Robert van Someren: ‘ICT kan jeugdzorg verbeteren’
Robert van Someren is de ICT-/IV-directeur van Jeugdzorg Nederland. We vragen hem naar zijn grootste uitdaging op het gebied van informatievoorziening en zijn mening over de Nationale Visie en Strategie op het gezondheidsinformatiestelsel (NVS).
Jeugdzorg Nederland is een branchevereniging die zo'n 100 leden heeft en die verschillende organisaties vertegenwoordigt die zich bezighouden met jeugdhulp. De leden helpen bijvoorbeeld om kinderen in een pleeggezin te plaatsen, geven hulp bij de opvoeding of ze plaatsen kinderen onder toezicht.
Hoe is de situatie bij Jeugdzorg Nederland wat betreft informatievoorziening?
“Als afdeling ICT/IV ondersteunen wij jeugdorganisaties met verschillende diensten op het gebied van ICT en Informatievoorziening (IV)”, zegt Robert van Someren. “Jeugdzorg Nederland heeft 45 medewerkers waarvan 10 ICT-medewerkers verantwoordelijk zijn voor onder meer het functioneel beheer en de doorontwikkeling van applicaties, waaronder een elektronisch cliëntendossier.
Onze leden kunnen bij ons terecht voor verschillende diensten op het gebied van informatievoorziening. Zo hebben we recent een aanbod voor leden waarmee ze zorgverleners bewust kunnen maken van de mogelijke risico’s op het gebied van security en hoe ze zich daartegen kunnen wapenen. We hebben nog veel meer mogelijkheden die onze leden kunnen gebruiken. We helpen bijvoorbeeld bij certificering en veiligheidstesten van applicaties.”
Verloopt de uitwisseling van informatie tussen al die organisaties soepel?
“Dat is een van onze grootste uitdagingen. Vooral bij de jeugdbeschermingsorganisaties. We hebben te maken met verschillende partijen en ketenpartners, zoals de Raad voor de Kinderbescherming en de Rechtspraak. Wanneer een kind bijvoorbeeld uit huis geplaatst wordt, moet dit afgestemd worden met de verschillende partijen. Het is essentieel dat al deze instanties soepel met elkaar communiceren. Voor onze leden werken we aan een portaal waarmee alle gegevens centraal beschikbaar zijn, zodat ze snel en veilig kunnen worden gedeeld.
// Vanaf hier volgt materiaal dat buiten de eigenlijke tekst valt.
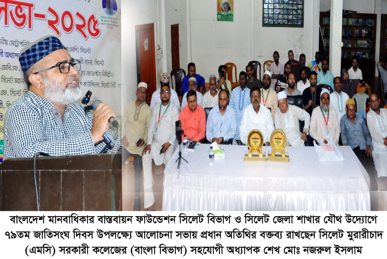 শুক্রবার (২৪ অক্টোবর) বিকেল ৪টায় নগরীর জিন্দাবাজারস্থ নজরুল একাডেমি হলরুমে বাংলদেশ মানবাধিকার বাস্তবায়ন ফাউন্ডেশন সিলেট বিভাগ ও সিলেট জেলা শাখার যৌথ উদ্যোগে ৭৯তম জাতিসংঘ দিবস উপলক্ষ্যে আলোচনা সভায় প্রধান অতিথির বক্তব্যে তিনি উপরোক্ত কথাগুলো বলেন।
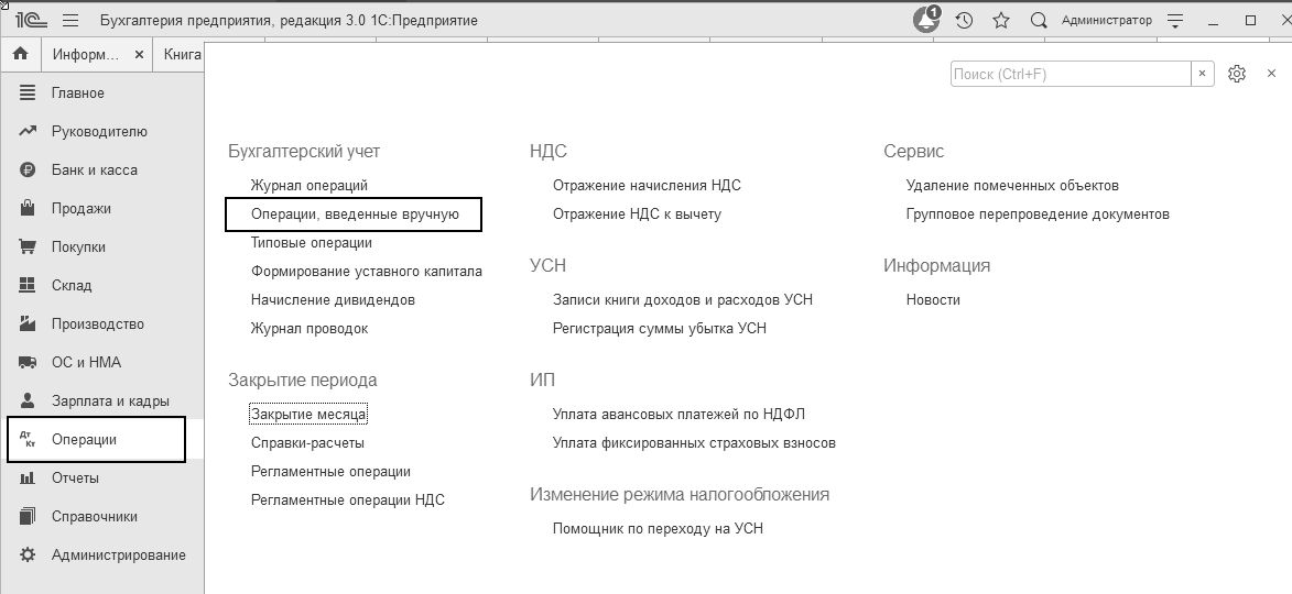Ввести операцию вручную можно через меню "Панель разделов/Операции/Панель навигации/Бухгалтерский учет/Операции, введенные вручную" (рис. 24.1.9).
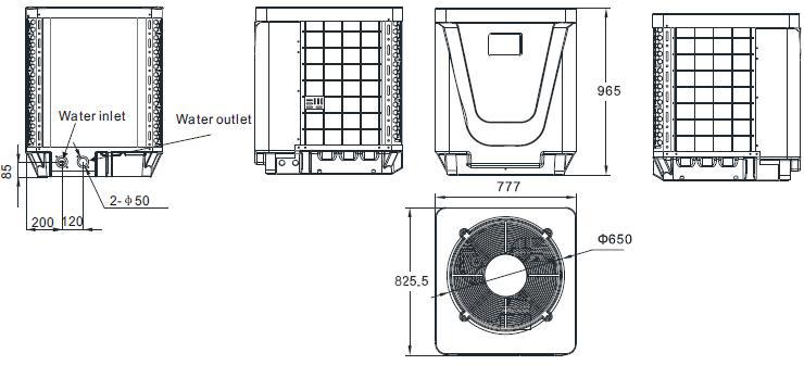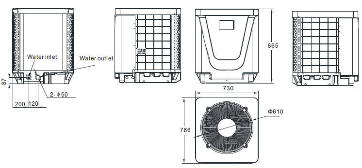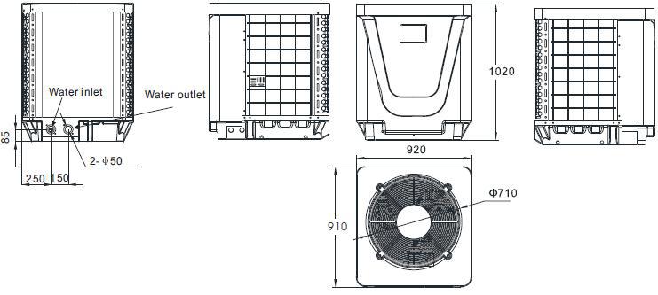 2.2 THE DIMENSIONS FOR SWIMMING POOL HEAT PUMP UNIT
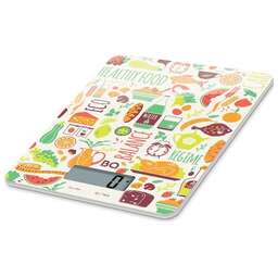 Весы кухонные, электронные. Максимальный вес: 5 кг, Предел взвешивания: 5 кг, Точность измерения: 1 грамм, Размер платформы: 20,0x18,5 см, Размер дисплея: 95x18 мм, Встроенные часы, Индикация заряда батареи, Индикация перегрузки, Индикация температуры, Тарокомпенсация, Последовательное взвешивание, Тип элементов питания: 1хCR2032 ( в комплекте), Автоматическое выключение, Материал корпуса: пластик, Материал чаши: стекло, Цвет: Принт ( Авокадо)
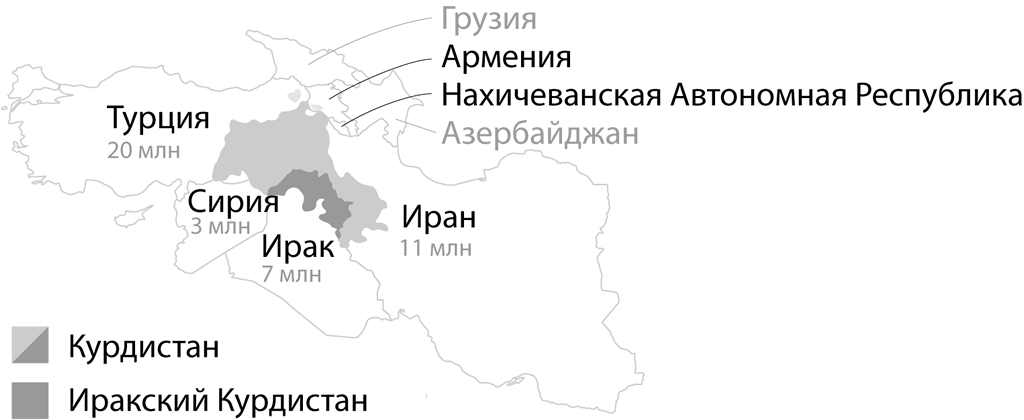 Курды долгое время существовали в составе Османской империи, а сразу после окончания Первой мировой войны была предпринята попытка образования независимого государства на севере Курдистана. Но Турция, даже ослабленная военным поражением и потерявшая контроль над территорией когда-то могущественной империи, нашла в себе силы противостоять этой инициативе через политический процесс. Позже на принадлежащих Турции и Ирану территориях были провозглашены курдские республики, которые не смогли просуществовать долго. Сепаратистские настроения подавлялись этническими чистками, уничтожением курдских деревень и массовым переселением. Кроме этого, была начата кампания по ассимиляции курдов[59]. Их язык и культура попали под запрет, который просуществовал до недавнего времени. Как результат этой кампании, около трети курдов в Турции не говорят на курдском языке. С 1984 года до настоящего времени между правительством Турции и группами Рабочей партии Курдистана[60] не утихает вооружённый конфликт. Турция также преследует курдские формирования на территории Иракского Курдистана и в Сирии.
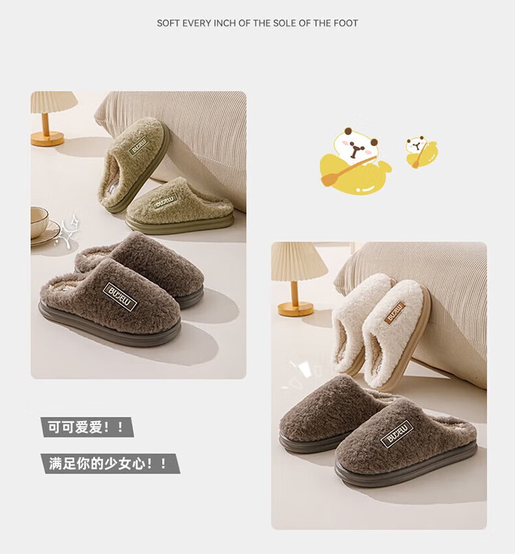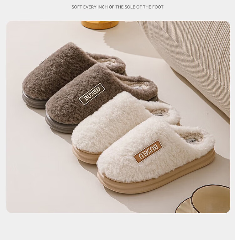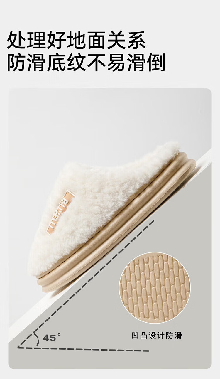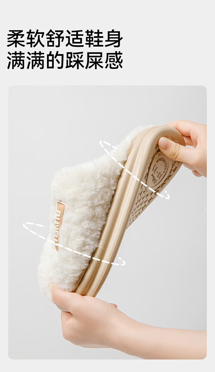 筏芯德国2025新款厚底棉拖鞋男款室内居家保暖加绒毛绒踩屎感男士 灰色【99%除臭抑菌】保暖防寒 35-36 【适合34 35】4.0踩屎感
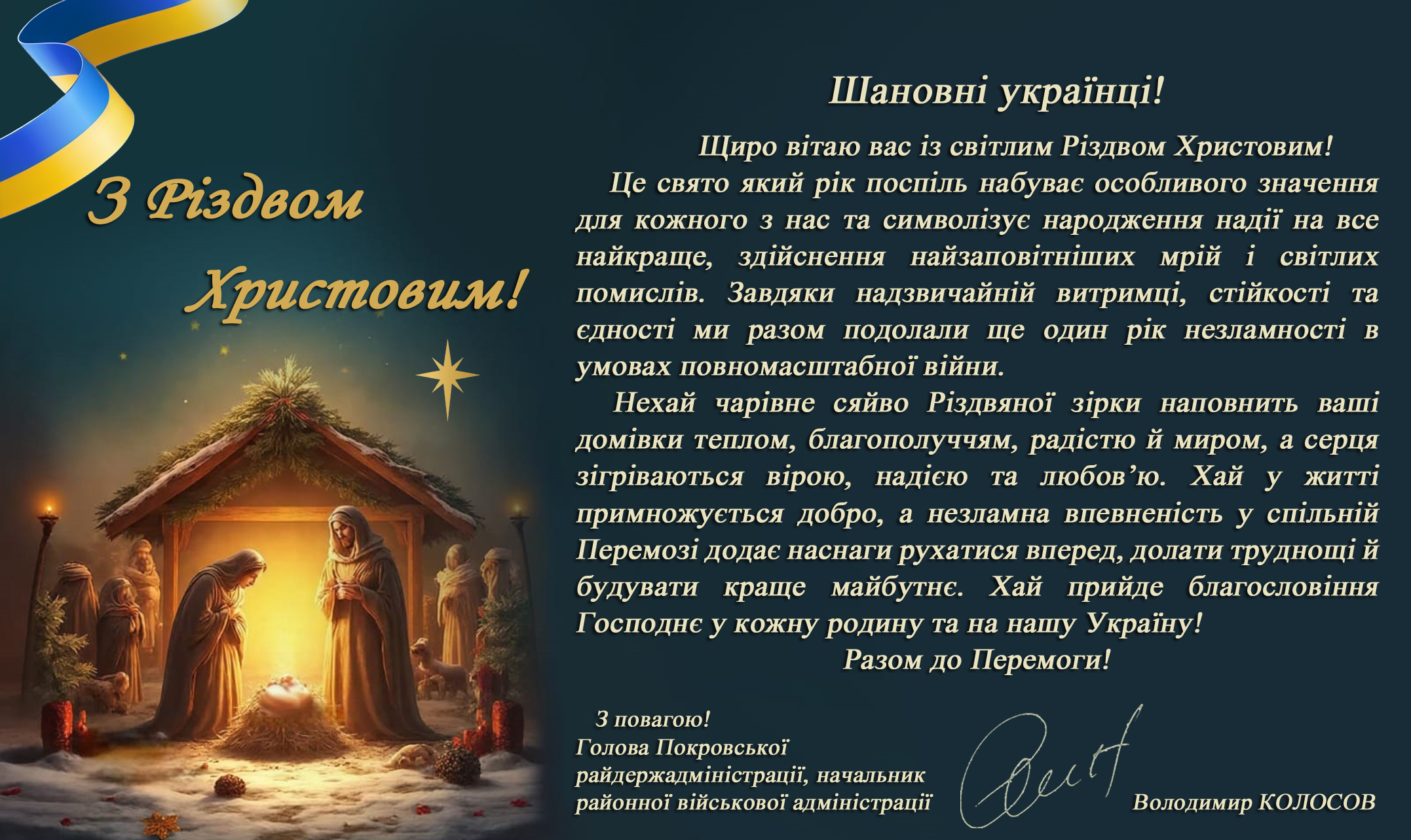print facebook Google+ Привітання голови Покровської райдержадміністрації, начальника районної військової адміністрації Володимира Колосова з Різдвом Христовим! 25.12.2025 в 8:30 Sorry, this entry is only available in Українська. print

Er lopen nog meer projecten waarin we participeren. We willen zoveel mogelijk naar een toekomstbestendig programma toe waarin iedereen is aangesloten en waarbij zo weinig mogelijk veranderingen nodig zijn.”
Wat verwacht je dat de NVS kan bijdragen daarin?
“Het is een mooi plan en ik ben enthousiast over de visie. We hadden alleen als jeugdsector wel eerder betrokken willen zijn bij de totstandkoming van de visie. Pas toen het in het Informatieberaad aan de orde kwam, konden we meedenken. Ik vraag me nu vooral af hoe we dit daadwerkelijk tot uitvoering brengen, dus hoe organiseer je zeggenschap en besluitvorming? Hoe zorgen we dat iedereen aangesloten raakt? We moeten erop kunnen vertrouwen dat het een basis voor de toekomst is waarop we kunnen bouwen.”
Wat is nodig om de visie te realiseren?
“Er zijn concrete afspraken nodig over de zeggenschap en besluitvorming, zowel voor de zorgpartners als de leveranciers. Wellicht kan VWS in een regierol daarbij helpen. Het is een lange termijn visie tot 2035 dus dat moet je in kleine brokjes opdelen. Geef commitment aan een kleine werkgroep met bestuurders en geef ze bijvoorbeeld zes maanden de tijd om met iets te komen. Begin met de interoperabiliteit.
De visie laat duidelijk zien dat we een uitdaging hebben in de zorg. Op dit moment werkt ongeveer 1 op de 6 mensen in de zorg, en dat gaat naar 1 op de 4 in 2040. Er moet iets gaan veranderen om dit te kunnen realiseren. Innovatie is belangrijk om het stelsel levensvatbaar te houden.”
Wat is jouw persoonlijke drijfveer om bij Jeugdzorg Nederland te werken?
“Als vader van vier kinderen zie ik het belang van goede jeugdzorg. Ik wil graag bijdragen aan het creëren van een betere en gemakkelijkere ervaring voor zowel de hulpverleners als de jongeren die hulp nodig hebben. Ik geloof dat ICT een belangrijke rol kan spelen in het verbeteren van de jeugdzorg en het efficiënter maken van de gegevensuitwisseling. Het is een mooie uitdaging om mijn technische expertise in te zetten voor een maatschappelijk doel.”